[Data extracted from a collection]

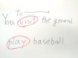 このタイミングで、もうひとつ動詞が英語ネイティブの心に浮かんだんですか?
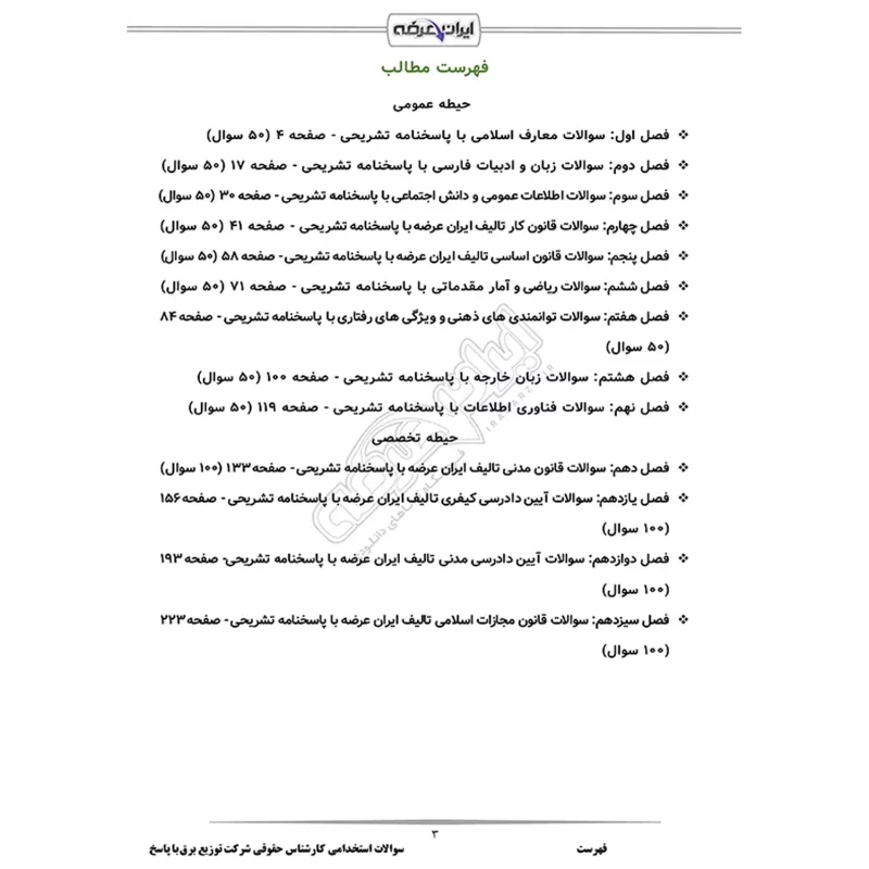 سوالات استخدامی کارشناس حقوقی شرکت توزیع برق با پاسخ ایران عرضه (جزوه فنری)
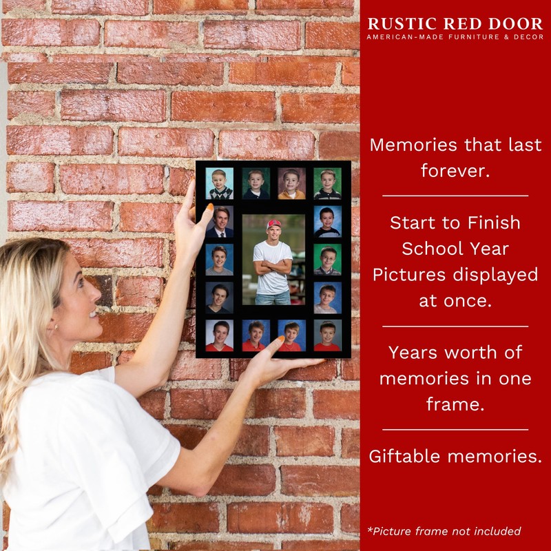 - Black Pre-School-12th Grade Photo Mat (No Frame Included): Warmly reminisce on your child’s younger years with Rustic Red Door’s photo collage frame mat. The pre-school to graduation 2037 mat is designed with 15 spaces for your son or daughter’s photographs from pre-school through graduation.
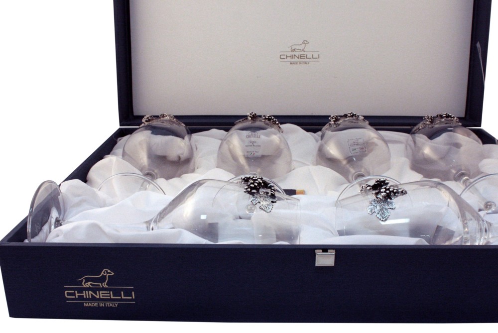 Набор бокалов для красного вина "UVA BLACK" в подарочной упаковке Chinelli (Италия): Материал: стекло, металл Размер: Длина: 24 см , Высота: 11 см В набор входит: 6 бокалов Производитель: Chinelli. Бокалы для вина – украшение стола. Если Вы задались целью купить бокалы для вина, то к выбору стоит отнестись серьезно. Красивые бокалы позволят подчеркнуть общую идею оформления, а также качество и вкусовые свойства напитка. Набор бокалов "UVA BLACK" станет прекрасным подарком как родным и близким, так и женщине - руководителю. Коллекция CHINELLI – это плавные линии, безупречное качество и оригинальный дизайн. Изящная отделка серебром делает каждый предмет идеальным украшением вашего интерьера. Марка CHINELLI это 40 лет бесценного опыта ручного производства, безупречного итальянского вкуса и европейского качества. Бренд воплощает в себе стиль и качество, соответствующий стандарту "Made in Italy". Компания расположена в долине Lumezzane провинции Brescia (Италия), которая с давних времен славится высоким мастерством в области обработки металла. На протяжении многих лет компания совмещает искусную работу ремесленников с промышленным производством. Характерной чертой CHINELLI является внедрение новейших технологий и способность быстро адаптироваться к изменчивости потребности рынка. Изделия марки CHINELLI с легкостью превратят встречу с друзьями в непревзойденную атмосферу праздника и уюта. Они отличаются безупречным качеством, роскошью исполнения и одновременно классической простотой стиля. Изделия изготавливаются из хрусталя, стекла, металла и даже фарфора, в декорировании используется покрытие серебром и золотом, инкрустация кристаллами Swarovski. Все изделия упакованы в фирменную подарочную упаковку с логотипом CHINELLI и сертификатом внутри.
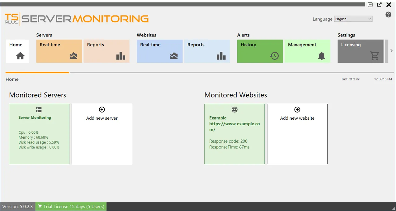 TSplus Sunucu İzleme'yi 15 gün boyunca deneyin. Tüm özellikler dahildir.
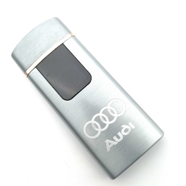 Луксозна електрическа запалка с логото AUDI в сив цвят. Идеална за всеки фен на марката АУДИ. Бъдете оригинални и неповторими с тази запалка. Може лесно и бързо да я заредите в автомобила си, чрез USB кабел, който върви в комплект със запалката. Получавате и подаръчна кутийка към нея.
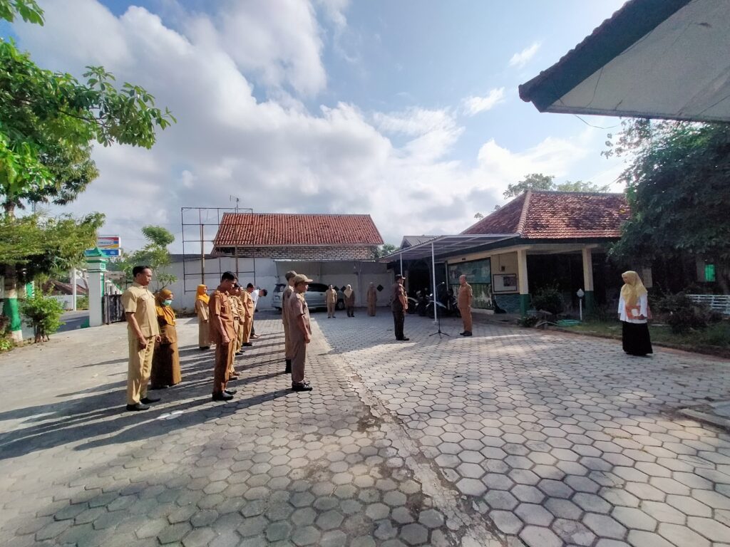 Seluruh Karyawan Karyawati Kantor Kecamatan Kadur mengikuti Apel Pagi yang di lakukan setiap hari senin sebagai kegiatan Disiplin diri dan aktif dalam kegiatan kantor Kecamatan kadur serta sebagai bentuk tanggung jawab.
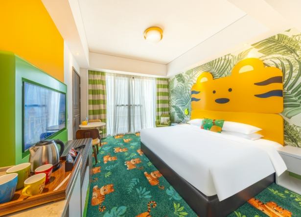 這家定位相對 經濟實惠 一些,但也是官方酒店。風格比較 簡約現代,融合了一些嶺南文化元素。房間相對樸素一點,但乾淨整潔,價效比高。最大的優勢是 價格 比上面兩家親民不少,對於預算有限但又想享受官方酒店便利(尤其是穿梭巴士)的家庭來說是好選擇。雖然主題性不強,但基本需求都能滿足。地址:
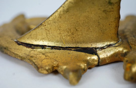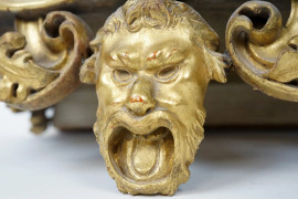 Lotto di due mensole in legno scolpito, dorato e laccato, XX secolo, decori di mascherone e volute, misure max cm 14x42x23, (difetti)
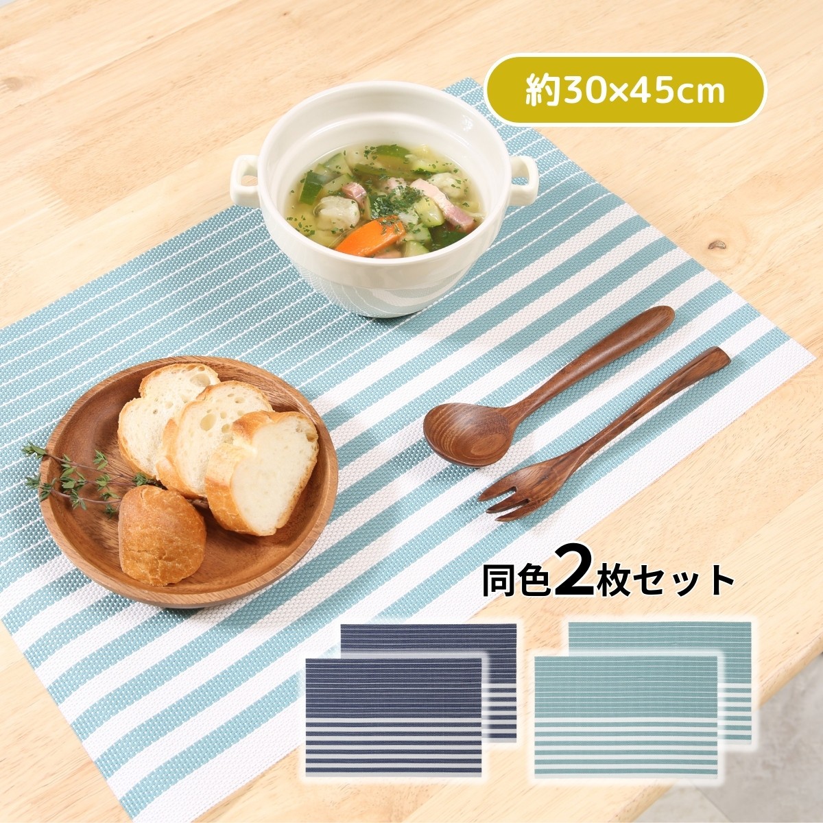 PVCランチョンマット 同色2枚セット ストライプ Pasuto 不二貿易 30×45cm プレイスマット
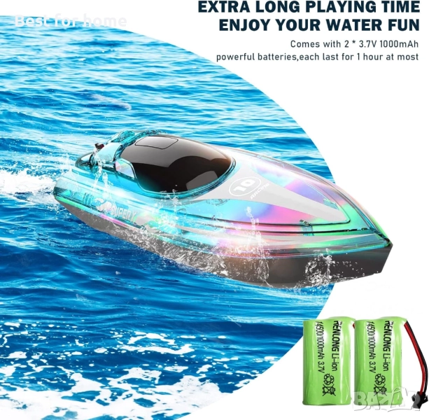 【Лодка с дистанционно управление с 1 час издръжливост】Оборудвана с мощни батерии 3.7V 1000mAh, тази презареждаща се светеща RC лодка за басейн може да плава максимум 60 минути след 2~3 часа зареждане с 1 батерия. Нещо повече, има още една резервна батерия за смяна (уверете се, че батериите са напълно заредени преди употреба). С 2 високопроизводителни презареждащи се батерии можете да се насладите на часове забавление с децата си с тази лодка с дистанционно управление в басейни и езера. Насладете се на водни забавления!
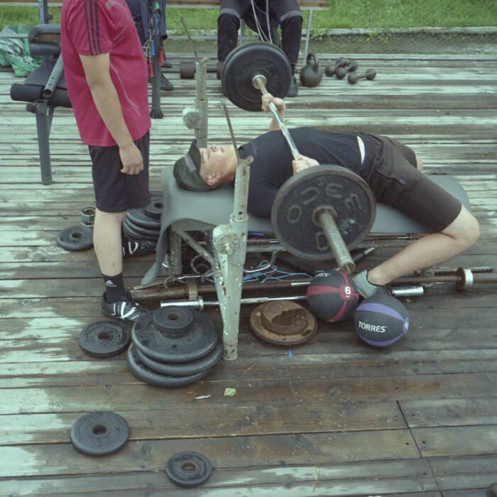 После окончания лагеря у Гриши «комок из мыслей и чувств». Он сочувствует ребятам, рассуждает, что даже в 17−18 лет они ещё дети, и в колонию их привели обстоятельства, которые создавали не они сами, а их родные и окружение. | | | | Аркадий жмёт штангу, его рабочие веса — 85 кг от груди и 75 кг стоя. Товарищ страхует его Фото: Полина Сойреф для НВ | | | | — Есть ощущение, что это лотерея! Тебе повезло родиться в нормальной семье, встретить хороших людей, и вот ты с этой стороны, а они — с той, — говорит Григорий.
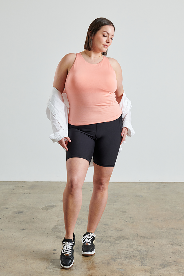 "Better than my SKIMS!" At least, that's what our model told us at the photoshoot, and who are we to disagree?! Never worry about finding a racerback bra to work with this high neck tank - it's got one built-in! Our Frankly Signature Built-In Bra has the feel of a bralette with the support of a sports bra. Plus, this top is full length and perfect for layering.

**What to produce**
Copy out each line of the data exactly as it reads; skip the pictures.

**Exercise output**
 このタイミングで、もうひとつ動詞が英語ネイティブの心に浮かんだんですか?
 سوالات استخدامی کارشناس حقوقی شرکت توزیع برق با پاسخ ایران عرضه (جزوه فنری)
 - Black Pre-School-12th Grade Photo Mat (No Frame Included): Warmly reminisce on your child’s younger years with Rustic Red Door’s photo collage frame mat. The pre-school to graduation 2037 mat is designed with 15 spaces for your son or daughter’s photographs from pre-school through graduation.
 Набор бокалов для красного вина "UVA BLACK" в подарочной упаковке Chinelli (Италия): Материал: стекло, металл Размер: Длина: 24 см , Высота: 11 см В набор входит: 6 бокалов Производитель: Chinelli. Бокалы для вина – украшение стола. Если Вы задались целью купить бокалы для вина, то к выбору стоит отнестись серьезно. Красивые бокалы позволят подчеркнуть общую идею оформления, а также качество и вкусовые свойства напитка. Набор бокалов "UVA BLACK" станет прекрасным подарком как родным и близким, так и женщине - руководителю. Коллекция CHINELLI – это плавные линии, безупречное качество и оригинальный дизайн. Изящная отделка серебром делает каждый предмет идеальным украшением вашего интерьера. Марка CHINELLI это 40 лет бесценного опыта ручного производства, безупречного итальянского вкуса и европейского качества. Бренд воплощает в себе стиль и качество, соответствующий стандарту "Made in Italy". Компания расположена в долине Lumezzane провинции Brescia (Италия), которая с давних времен славится высоким мастерством в области обработки металла. На протяжении многих лет компания совмещает искусную работу ремесленников с промышленным производством. Характерной чертой CHINELLI является внедрение новейших технологий и способность быстро адаптироваться к изменчивости потребности рынка. Изделия марки CHINELLI с легкостью превратят встречу с друзьями в непревзойденную атмосферу праздника и уюта. Они отличаются безупречным качеством, роскошью исполнения и одновременно классической простотой стиля. Изделия изготавливаются из хрусталя, стекла, металла и даже фарфора, в декорировании используется покрытие серебром и золотом, инкрустация кристаллами Swarovski. Все изделия упакованы в фирменную подарочную упаковку с логотипом CHINELLI и сертификатом внутри.
 TSplus Sunucu İzleme'yi 15 gün boyunca deneyin. Tüm özellikler dahildir.
 Луксозна електрическа запалка с логото AUDI в сив цвят. Идеална за всеки фен на марката АУДИ. Бъдете оригинални и неповторими с тази запалка. Може лесно и бързо да я заредите в автомобила си, чрез USB кабел, който върви в комплект със запалката. Получавате и подаръчна кутийка към нея.
 Seluruh Karyawan Karyawati Kantor Kecamatan Kadur mengikuti Apel Pagi yang di lakukan setiap hari senin sebagai kegiatan Disiplin diri dan aktif dalam kegiatan kantor Kecamatan kadur serta sebagai bentuk tanggung jawab.
 這家定位相對 經濟實惠 一些,但也是官方酒店。風格比較 簡約現代,融合了一些嶺南文化元素。房間相對樸素一點,但乾淨整潔,價效比高。最大的優勢是 價格 比上面兩家親民不少,對於預算有限但又想享受官方酒店便利(尤其是穿梭巴士)的家庭來說是好選擇。雖然主題性不強,但基本需求都能滿足。地址:
 Lotto di due mensole in legno scolpito, dorato e laccato, XX secolo, decori di mascherone e volute, misure max cm 14x42x23, (difetti)
 PVCランチョンマット 同色2枚セット ストライプ Pasuto 不二貿易 30×45cm プレイスマット
 【Лодка с дистанционно управление с 1 час издръжливост】Оборудвана с мощни батерии 3.7V 1000mAh, тази презареждаща се светеща RC лодка за басейн може да плава максимум 60 минути след 2~3 часа зареждане с 1 батерия. Нещо повече, има още една резервна батерия за смяна (уверете се, че батериите са напълно заредени преди употреба). С 2 високопроизводителни презареждащи се батерии можете да се насладите на часове забавление с децата си с тази лодка с дистанционно управление в басейни и езера. Насладете се на водни забавления!
 После окончания лагеря у Гриши «комок из мыслей и чувств». Он сочувствует ребятам, рассуждает, что даже в 17−18 лет они ещё дети, и в колонию их привели обстоятельства, которые создавали не они сами, а их родные и окружение. | | | | Аркадий жмёт штангу, его рабочие веса — 85 кг от груди и 75 кг стоя. Товарищ страхует его Фото: Полина Сойреф для НВ | | | | — Есть ощущение, что это лотерея! Тебе повезло родиться в нормальной семье, встретить хороших людей, и вот ты с этой стороны, а они — с той, — говорит Григорий.
 "Better than my SKIMS!" At least, that's what our model told us at the photoshoot, and who are we to disagree?! Never worry about finding a racerback bra to work with this high neck tank - it's got one built-in! Our Frankly Signature Built-In Bra has the feel of a bralette with the support of a sports bra. Plus, this top is full length and perfect for layering.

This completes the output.